The Dow Jones Industrial Average, a measurement of the stock market at large, ended below 10,000 yesterday. That’s the lowest closing since 2004 and it’s quite a drastic change from a year ago, when the market closed above 14,000, the highest watermark for the Dow.
It’s tempting to just stick my head in the sand. I have been looking at my investment balances, though. While it’s hard to separate my emotions as my 401(k) balance quickly moved from about $50,000 to about $40,000 despite contributions, I try to keep in mind that my time horizon is decades in the future.
When the market is in turmoil, it should put asset allocation into the front of any investor’s mind. For people who have a long time before retirement like me, it’s not a good idea to run for cover.

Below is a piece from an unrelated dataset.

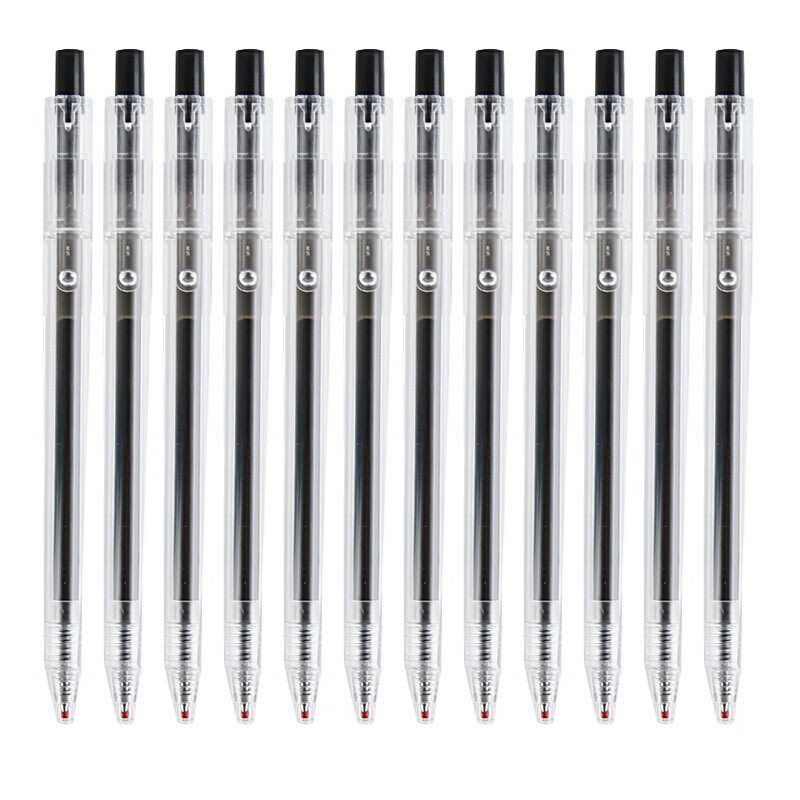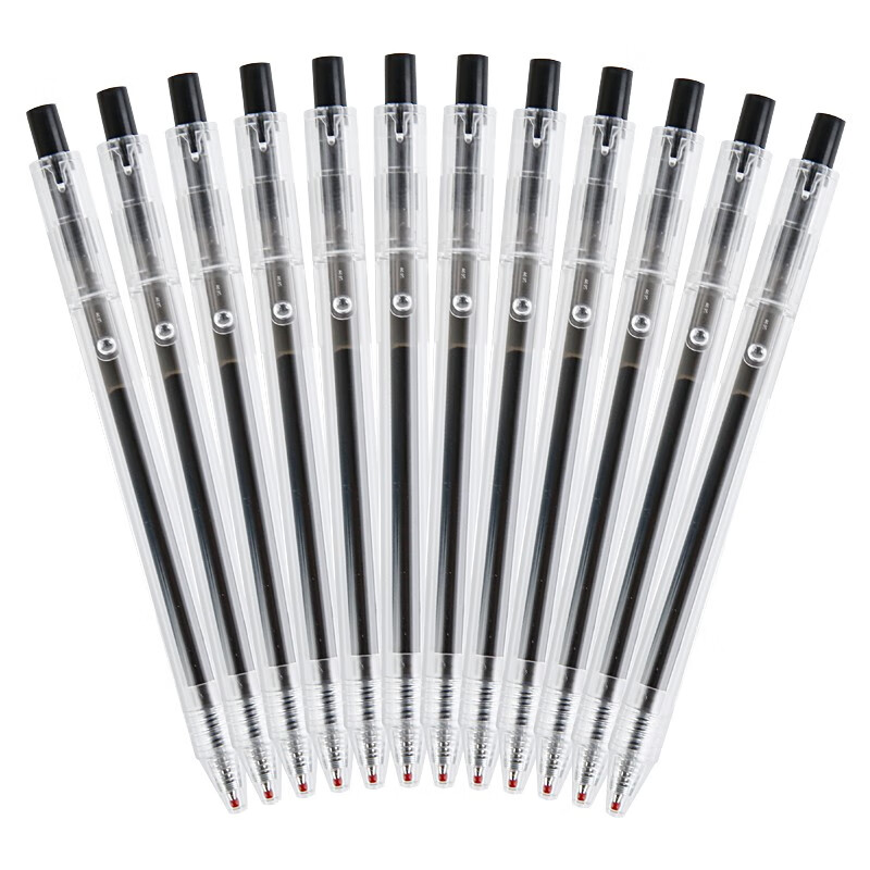 晨光(M&G)优品系列透明杆按动中性笔水性笔签字笔 黑色 AGP87902 子弹头按动款 0.5mm 12支装/盒 自营

It might be a good time to ask yourself if you’ve accurately thought about your risk tolerance. It’s much easier to say you’re willing to accept more risk in return for a higher return over the long term while the market seems to be increasing without bounds. But if you freak out when you lose 20% on paper and consider evacuating your money, either you underestimated your ability to accept risk or you just need to work a little harder to separate your emotions from your financial decisions.
I’m sticking with my “aggressive” retirement portfolio of 100% stocks. My contributions are split evenly between large cap growth, large cap value, international, and commercial REIT, while my current balance has more of a mix including mid cap growth, mid cap value, and small cap stocks. Half of my employer matching contribution is in company stock, and I exchange out of that stock when I’m in a good position to do so.

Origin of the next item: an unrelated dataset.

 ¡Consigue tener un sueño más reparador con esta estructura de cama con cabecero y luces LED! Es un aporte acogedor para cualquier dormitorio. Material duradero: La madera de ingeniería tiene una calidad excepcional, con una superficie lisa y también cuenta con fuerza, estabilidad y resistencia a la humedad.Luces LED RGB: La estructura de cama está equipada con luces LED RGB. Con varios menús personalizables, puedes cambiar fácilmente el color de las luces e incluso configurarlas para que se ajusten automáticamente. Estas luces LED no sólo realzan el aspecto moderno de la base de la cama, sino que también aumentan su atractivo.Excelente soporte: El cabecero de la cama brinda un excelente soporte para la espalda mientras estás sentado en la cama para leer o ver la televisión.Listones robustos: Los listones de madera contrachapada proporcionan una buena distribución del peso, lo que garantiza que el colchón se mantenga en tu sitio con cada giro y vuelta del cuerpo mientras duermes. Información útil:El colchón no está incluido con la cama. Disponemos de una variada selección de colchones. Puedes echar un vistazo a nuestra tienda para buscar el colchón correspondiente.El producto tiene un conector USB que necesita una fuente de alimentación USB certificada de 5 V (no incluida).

And my performance this year through September 30 is a loss of 20.85%.
On the positive side, I’m purchasing my investments at a much lower price now than I was last year at this time.

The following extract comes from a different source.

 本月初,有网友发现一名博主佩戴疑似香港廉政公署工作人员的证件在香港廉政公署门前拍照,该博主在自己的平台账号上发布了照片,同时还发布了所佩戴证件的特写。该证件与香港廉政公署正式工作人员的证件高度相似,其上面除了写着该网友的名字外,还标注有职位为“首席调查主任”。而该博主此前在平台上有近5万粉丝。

While some pundits are calling for a Dow as low as 8,000 before we hit bottom, it doesn’t make sense to make reactionary decisions, particularly when the money is invested for the long-term. It does help to review your risk tolerance to determine if you can face downturns and to find a way to strive to separate your emotions from financial decisions. Emotions are there to guide us, to let us know what may be right for us, but when emotions form the basis of financial decisions, investments suffer.